What is your book about?

The Magic Fault takes place in 2004 in Turin, Italy, where the Catholic Church’s most revered relic has been stolen by a mysterious sect from the city’s cathedral. An American professor who studies magical thinking uncovers a baffling series of answers to the question, Why?

How long had the idea of your book been developing before you began to write the story?

The idea blossomed in 2004, and the writing started within months.

What inspired you to write this particular story?

The inspiration came from being in Turin, Italy, during a festival of food sponsored by the International Slow Food movement. Just a few miles from the festival is the church where the Shroud of Turin is honored. It was the confluence of the two events, one celebrating life on and in the earth, the other the afterlife and its promise of a future life after-earth. Putting the two themes together was an inspiring challenge.

Who is your most unusual/most likeable character?

The most unusual character is an elderly Parisienne who is protecting a secret. She is based on a woman I met some years back who lived through WW II as a resistance fighter. She was an incredibly still-beautiful woman who smoked strong French cigarettes and climbed mountains. I may bring her back in another book some day.

How long did it take you to write your book?

I spent six years writing The Magic Fault.

How much of the story did you have in mind before you started writing it?

I found I first had to describe the plot to friends. By talking about it I got in touch with what I wanted to say in the story. I needed to know the plot well enough before I could choose my characters. Then the characters started telling me how they would react in the situations I put them in. As usual, they talked too much; I tossed everything into the first few drafts and then crawled exhausted to an editor who found a way to cut and trim and guide me back to the story line.

Did you do any research for the book? If so, how did you do it? (searching Internet, magazines, other books, etc.)

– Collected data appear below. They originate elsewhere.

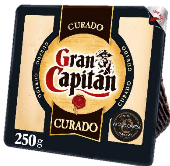
5 CURADO 250g wedge
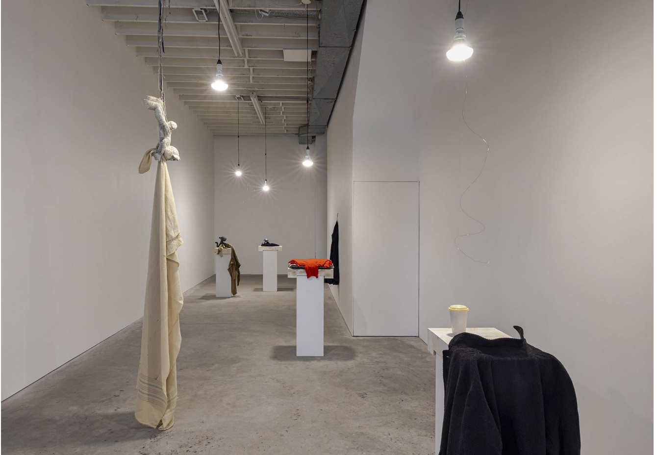
Liz Magor Style installation view, 2023
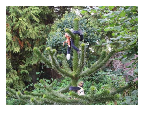
The monkey puzzle tree at Carhampton

Three of us headed out once again through the deer park and over Gallox Bridge to follow the Bat's Castle walk in an attempt to find the ponies for Mel. We walked across from Bat's Castle and down Park Lane heading towards Carhampton and the A39. At Carhampton we passed the monkey puzzle tree with toy monkeys climbing on it and took time to look in the reclamation yard. We walked along the A39 to the recreational park where we walked around the cricket pitch to pick up the path through the fields and then over the footbridge at the railway line and on to Blue Anchor. We had refreshment at the Driftwood Café at Blue Anchor then back along the new path to Dunster Beach and Dunster 7.5 miles
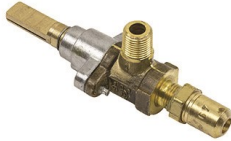
Control Valve with Orifice

Given the topic, there was a lot of research; mainly books on the subject. The Internet was a major source for fact-checking. I made visits to some of the sites described in the book, and had heavy email contact with sources who lived in places I couldn’t visit. Finally, the New York Times always had a story that nudged me when I was writing something related.

How do you develop and differentiate your characters?

There is pre-writing and there is post-writing. I differentiate characters by “sleeping” with them, every last one of them. I write something and then wait for the characters to knock on my head in the night. They finally come alive after many nights spent in their company (dreams, waking up and writing down some dialogue or action, etc.). They point me on the right path on how they would act and think in the story I want to tell.

How (or when) do you decide that you are finished writing a story?

The book is done when my characters’ involvement in the story seems fully realized.

What challenges did you face as you wrote this book?

Balancing a day job with writing on a weekly basis was a huge challenge. I finally changed my job to four days a week instead of five. Those three-day weekends make a difference, especially if two of the days are more or less filled with other chores or getaways.

What’s your writing schedule like? Do you strive for a certain amount of words each day?

My writing schedule varied with the stages of development of the book. Early in the book I wrote on a couple of weekday early mornings and then also on weekends. Usually my computer went with me on vacations and I wrote daily. Rewriting was more episodic, hit and run, because I spent more time thinking how the story held together. When I found an agent and began heavy editing and rewriting, I imposed a rule for myself; get the agent the latest version as soon as you can. Write whenever one finds time; deadline writing.

What is the most difficult part of the whole writing process?

The most difficult part of the writing process is cutting out extraneous plot detours. That usually means characters you like but who shouldn’t be in this book; scenes that seem essential but aren’t, dialogue that explains more than it should. The “aha moment” comes at the right time, about halfway through the first draft — where am I going with this story? And usually it’s an editor who taps me on the head with the question.

Where can people learn more about you and The Magic Fault?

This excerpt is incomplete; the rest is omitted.